• Required work: In the records that follow, find the line containing "Stellen oder setzen" and the line containing "我们通常将散户情绪指数作为反", then transcribe both and every line between them exactly, omitting pictures.

(Items from a dataset)
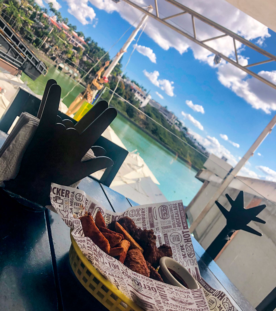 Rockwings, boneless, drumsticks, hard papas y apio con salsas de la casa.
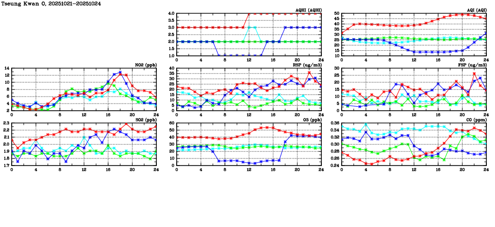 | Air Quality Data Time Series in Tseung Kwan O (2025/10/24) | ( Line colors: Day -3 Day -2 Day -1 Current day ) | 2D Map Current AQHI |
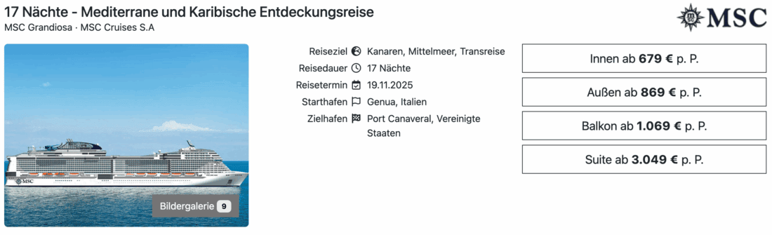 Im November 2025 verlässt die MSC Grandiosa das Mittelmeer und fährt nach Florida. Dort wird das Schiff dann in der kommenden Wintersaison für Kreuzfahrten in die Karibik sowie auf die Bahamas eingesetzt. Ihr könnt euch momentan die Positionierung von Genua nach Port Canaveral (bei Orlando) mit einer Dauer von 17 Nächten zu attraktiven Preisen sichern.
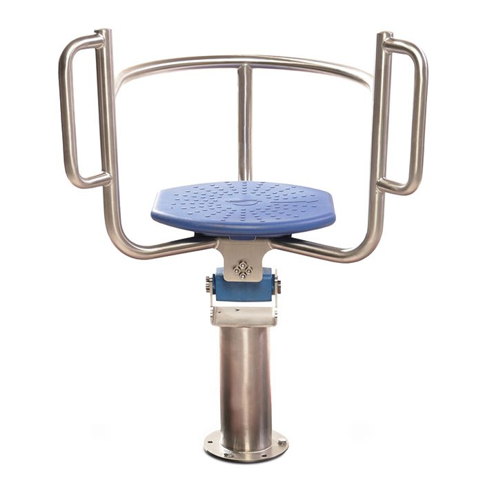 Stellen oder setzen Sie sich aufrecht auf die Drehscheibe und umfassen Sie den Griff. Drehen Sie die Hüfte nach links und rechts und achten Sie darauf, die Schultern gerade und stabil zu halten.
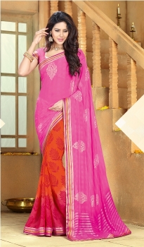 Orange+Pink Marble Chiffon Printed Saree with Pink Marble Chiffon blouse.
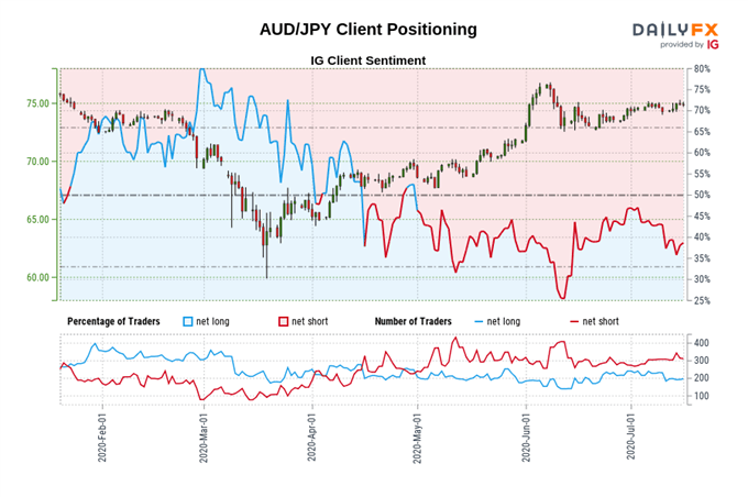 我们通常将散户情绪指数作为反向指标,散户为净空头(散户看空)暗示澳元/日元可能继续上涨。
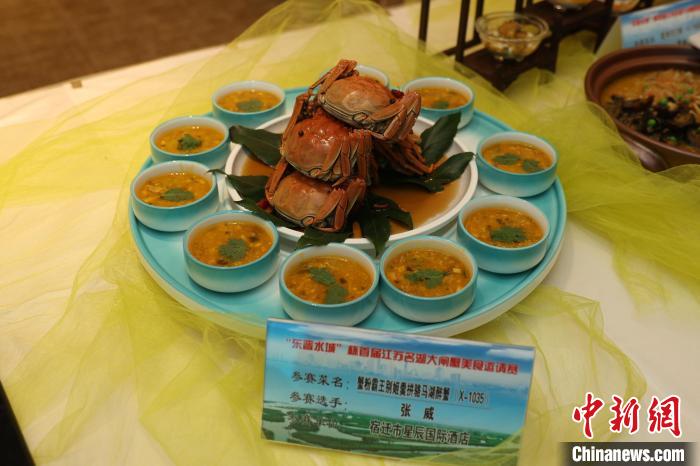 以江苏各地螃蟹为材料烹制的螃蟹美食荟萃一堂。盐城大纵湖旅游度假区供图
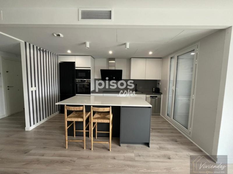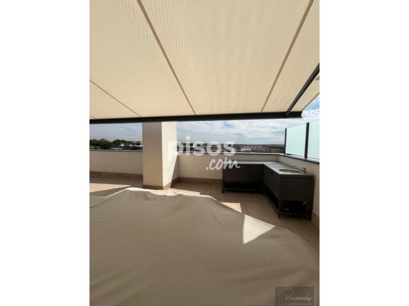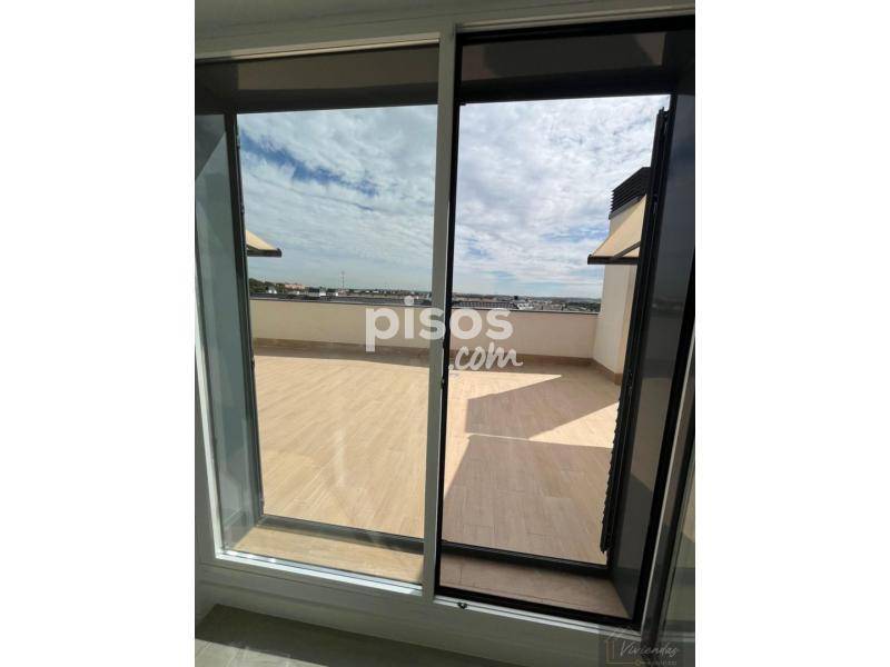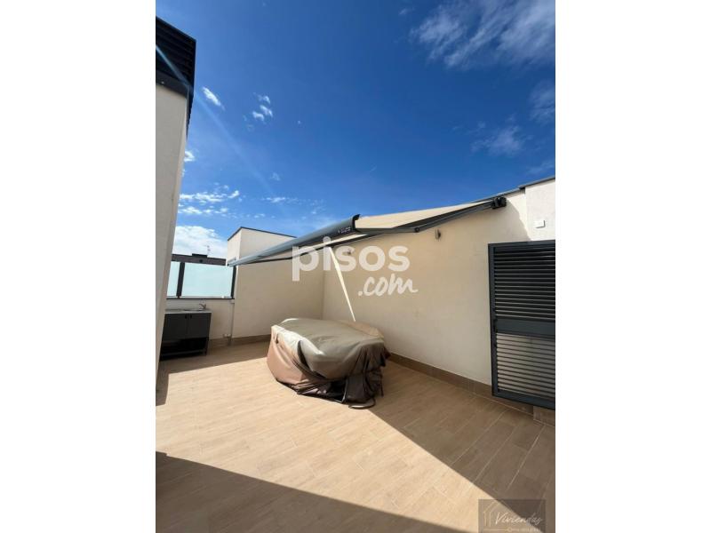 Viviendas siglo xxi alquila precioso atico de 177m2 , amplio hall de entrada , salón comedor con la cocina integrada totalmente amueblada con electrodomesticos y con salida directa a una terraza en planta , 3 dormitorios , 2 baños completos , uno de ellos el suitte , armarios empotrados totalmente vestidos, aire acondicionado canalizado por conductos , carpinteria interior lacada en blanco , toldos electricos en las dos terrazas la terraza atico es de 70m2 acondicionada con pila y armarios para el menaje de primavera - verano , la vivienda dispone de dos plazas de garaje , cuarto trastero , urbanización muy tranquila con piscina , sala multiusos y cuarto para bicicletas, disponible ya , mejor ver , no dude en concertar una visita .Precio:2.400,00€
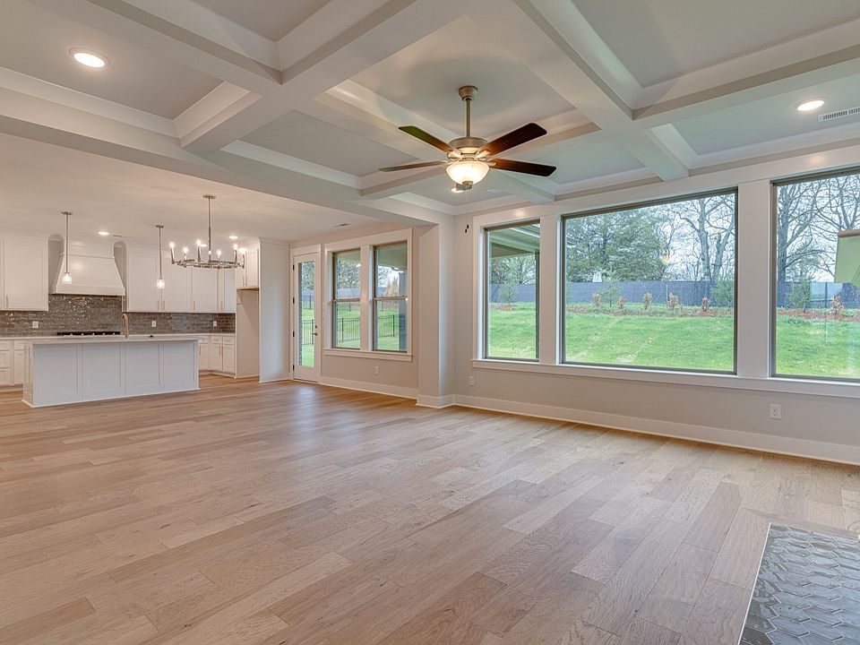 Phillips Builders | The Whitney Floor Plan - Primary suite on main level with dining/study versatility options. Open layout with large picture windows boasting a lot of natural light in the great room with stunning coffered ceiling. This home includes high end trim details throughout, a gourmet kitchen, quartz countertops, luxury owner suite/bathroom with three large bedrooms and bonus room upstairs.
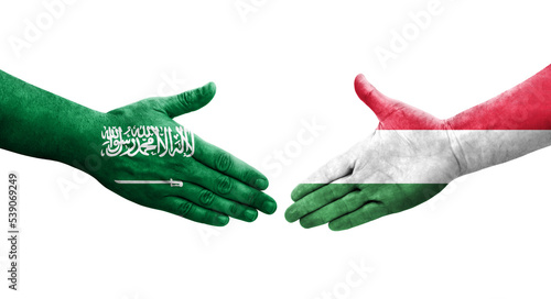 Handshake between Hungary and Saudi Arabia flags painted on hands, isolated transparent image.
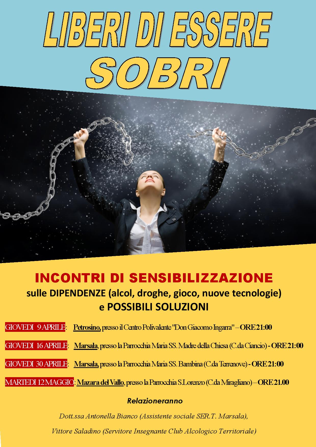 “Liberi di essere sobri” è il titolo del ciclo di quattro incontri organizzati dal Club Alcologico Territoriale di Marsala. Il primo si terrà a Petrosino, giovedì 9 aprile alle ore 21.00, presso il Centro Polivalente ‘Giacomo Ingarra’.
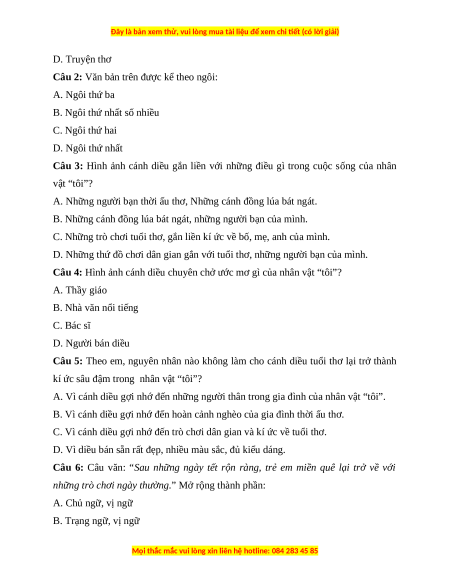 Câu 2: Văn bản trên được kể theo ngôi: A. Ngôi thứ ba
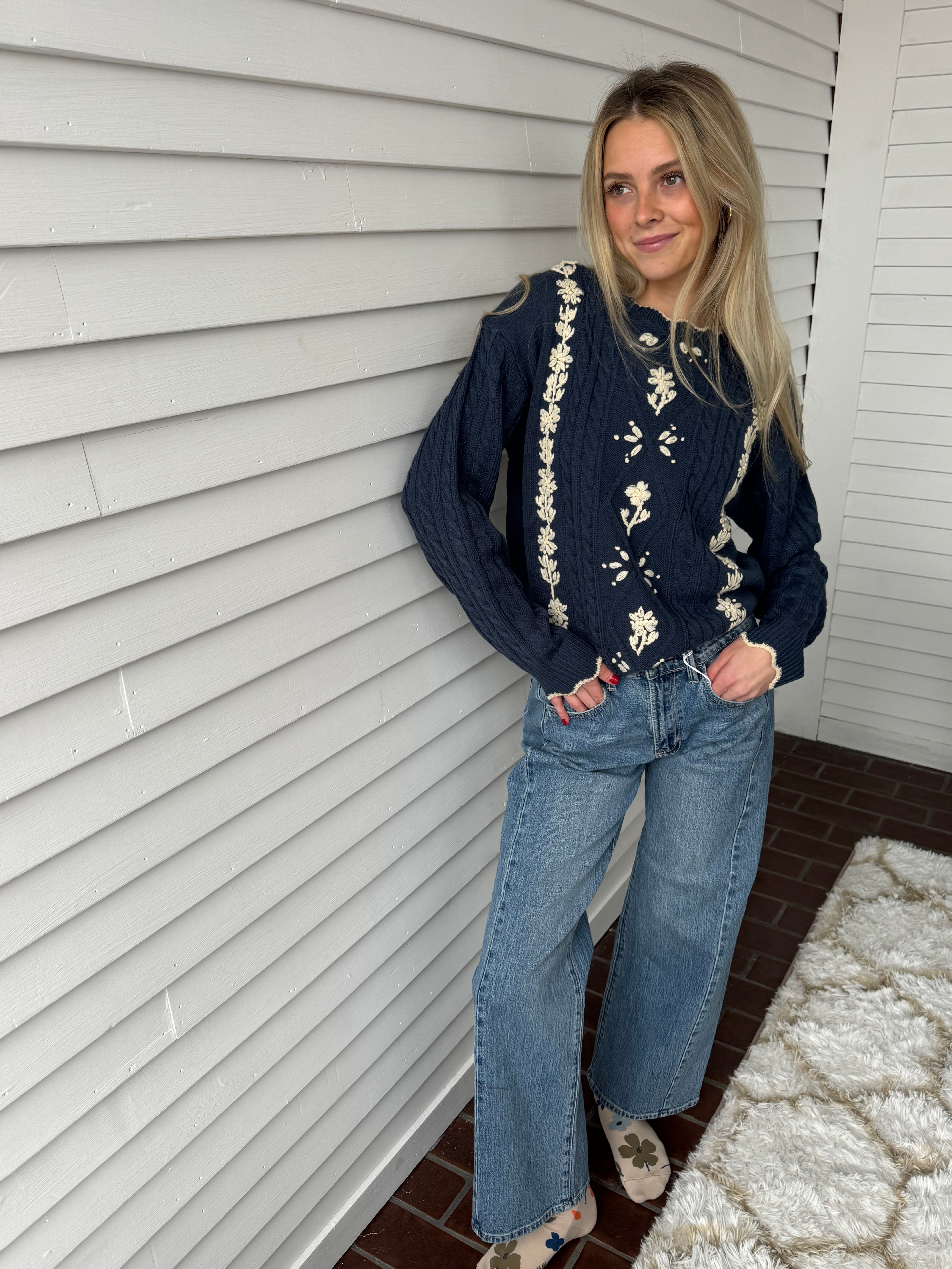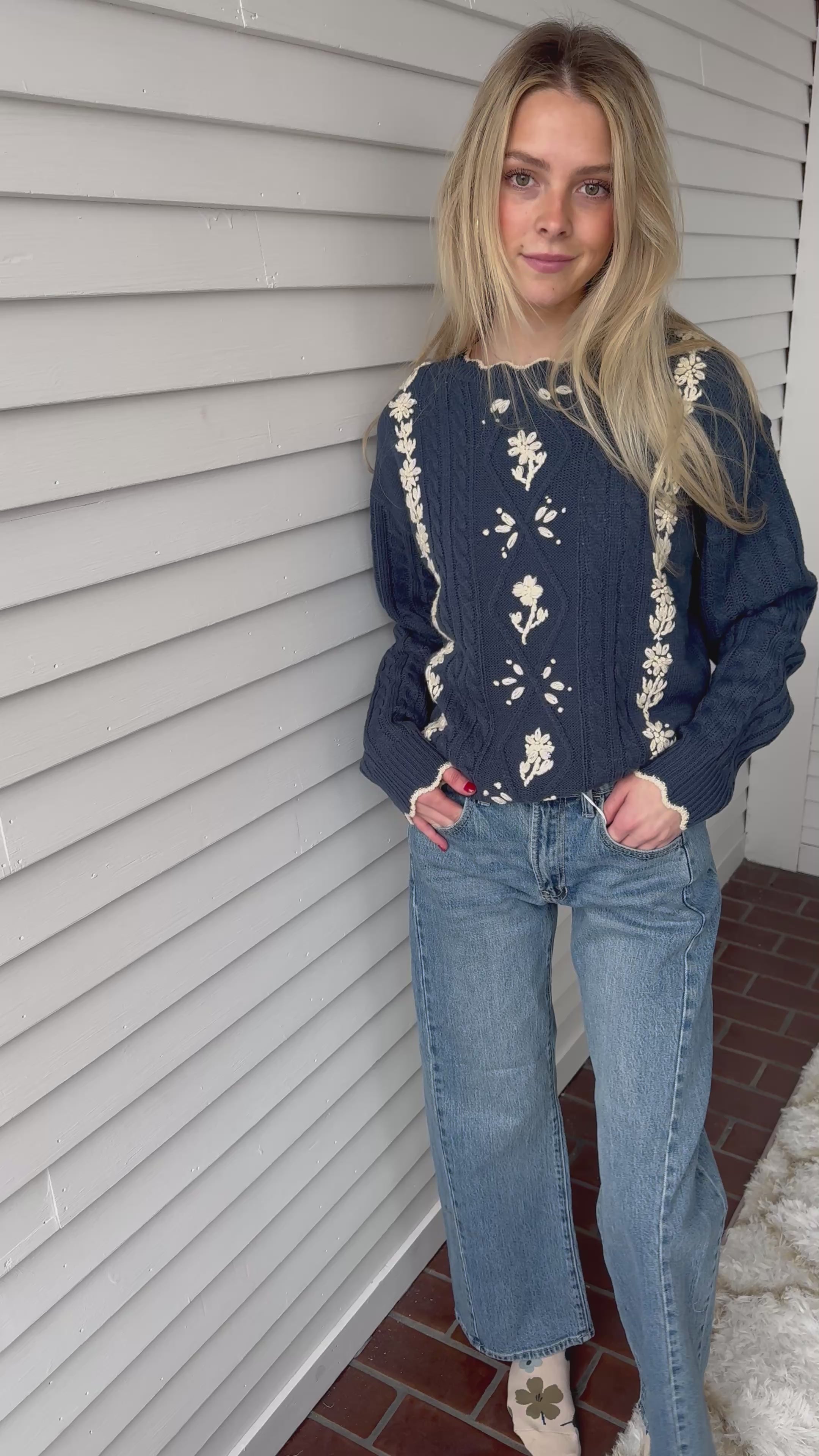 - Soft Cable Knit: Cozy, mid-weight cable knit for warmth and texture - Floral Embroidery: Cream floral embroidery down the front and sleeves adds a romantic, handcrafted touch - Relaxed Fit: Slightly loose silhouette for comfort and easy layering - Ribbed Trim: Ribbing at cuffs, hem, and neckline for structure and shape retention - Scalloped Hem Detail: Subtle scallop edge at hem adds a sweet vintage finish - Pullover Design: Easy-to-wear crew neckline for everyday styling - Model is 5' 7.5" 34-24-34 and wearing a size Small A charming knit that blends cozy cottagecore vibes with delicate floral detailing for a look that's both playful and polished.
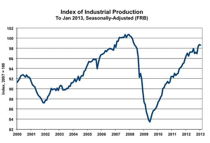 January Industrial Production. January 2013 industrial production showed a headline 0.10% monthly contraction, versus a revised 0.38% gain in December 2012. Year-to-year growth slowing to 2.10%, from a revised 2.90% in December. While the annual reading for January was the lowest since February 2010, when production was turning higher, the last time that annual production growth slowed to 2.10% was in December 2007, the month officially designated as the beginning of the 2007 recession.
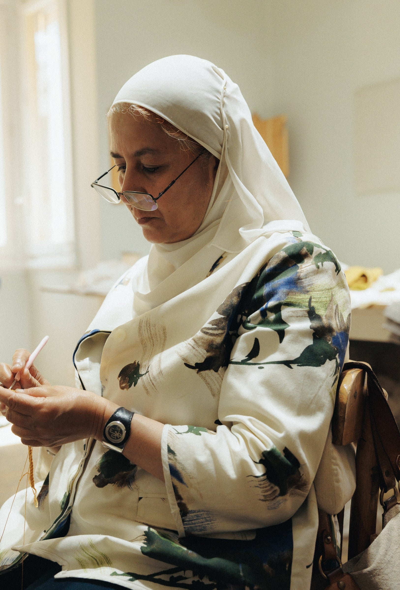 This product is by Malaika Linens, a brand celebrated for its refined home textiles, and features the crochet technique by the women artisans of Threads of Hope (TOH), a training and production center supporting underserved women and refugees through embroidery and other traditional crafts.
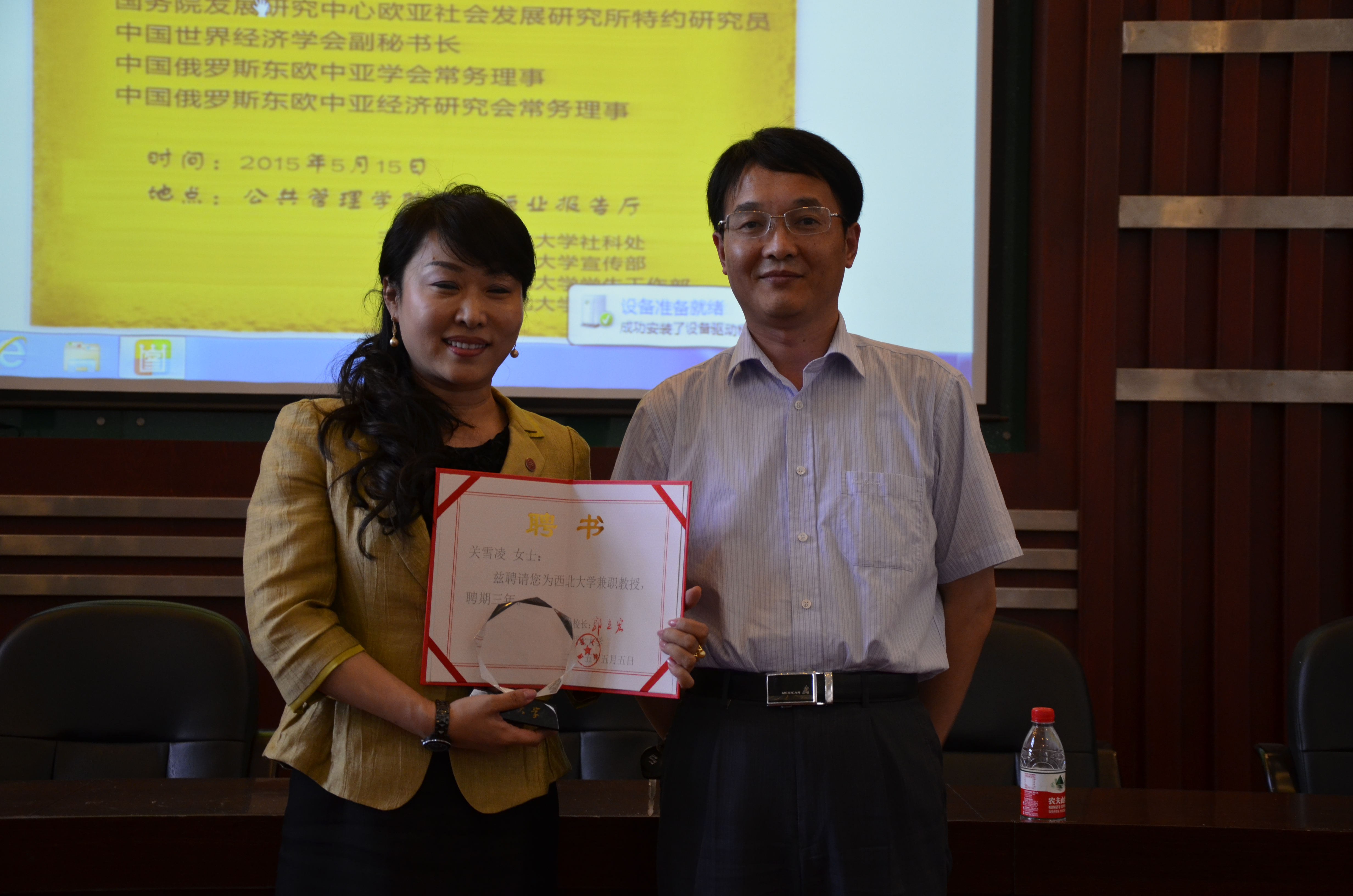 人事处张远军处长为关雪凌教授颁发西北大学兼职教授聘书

• Task result:
 Stellen oder setzen Sie sich aufrecht auf die Drehscheibe und umfassen Sie den Griff. Drehen Sie die Hüfte nach links und rechts und achten Sie darauf, die Schultern gerade und stabil zu halten.
 Orange+Pink Marble Chiffon Printed Saree with Pink Marble Chiffon blouse.
 我们通常将散户情绪指数作为反向指标,散户为净空头(散户看空)暗示澳元/日元可能继续上涨。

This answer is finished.